We registered all interactions between bromeliad epiphytes and woody species at three 20 × 20 m plots (19°30.065′ N, 105°02.584′ W; 19°30.532′ N, 105°02.410′ W; 19°24.297′ N, 104°58.968′ W). We registered all epiphytes larger than approximately 3 cm in height, which can be confidently seen and identified from the ground using binoculars. Data on epiphytic bromeliads was collected during the dry season of 2007/2008 (from November to May) when the canopy is leafless and bromeliads are easy to observe. Two Tillandsia species have the potential of secondary dispersal by asexual means (Tillandsia intermedia, R. Sayago 2007, personal observation; Tillandsia usneoides, [37]) when ramets (clones) detach. We defined an individual as an epiphyte physically separated from other epiphytes.

All the woody plants at the plots with a diameter at 1.3 m above ground (trees and shrubs) or at the base (lianas) greater than 2.5 cm (DBH henceforth) were marked with an aluminium tag. For each marked individual we collected the following information: (i) DBH, (ii) species identity, and (iii) the abundance of each epiphytic bromeliad species. Leaf and reproductive samples were collected for each woody species. Plant identification was conducted by the authors and corroborated with herbarium specimens preserved at the Chamela Biological Station (Universidad Nacional Autonoma de Mexico). We refer to phorophytes only when referring to woody individuals bearing epiphytes, and to woody species to refer to all potential phorophytes present at the plots.

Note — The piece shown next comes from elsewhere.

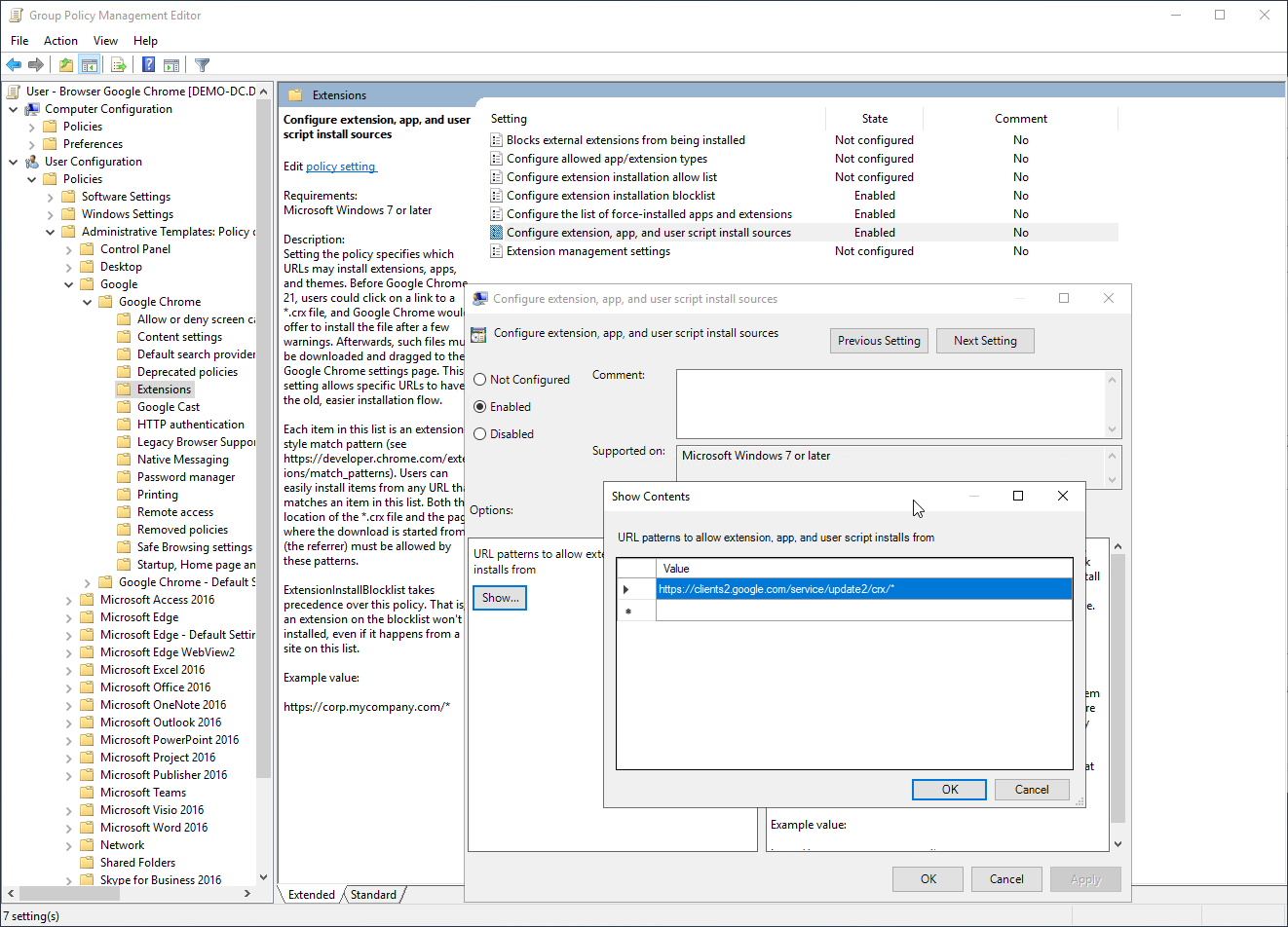 - The setting to configure the install source location is set via the option 'Configure extension, app, and user script install sources'. It will configure the registry keys under Software\Policies\Google\Chrome\ExtensionInstallSources.

Bark texture for all woody species (see the electronic supplementary material, appendix S1) was recorded for at least one, and up to three of the largest individuals of each species based on four previously defined categories, from smooth (category 1) with lack of ornamentation (e.g. spines, lenticels, fissures) and including smooth exfoliating barks (e.g. some Bursera species), to rough (category 4) with coarse ornamentation (large lenticels and/or spines and/or deep fissures). Trees with rugose and ornamented bark are expected to have a greater load of epiphytes [22,29]. Data on wood density (specific gravity) of all tree species at the plots was obtained from the literature (see the electronic supplementary material, appendix S1).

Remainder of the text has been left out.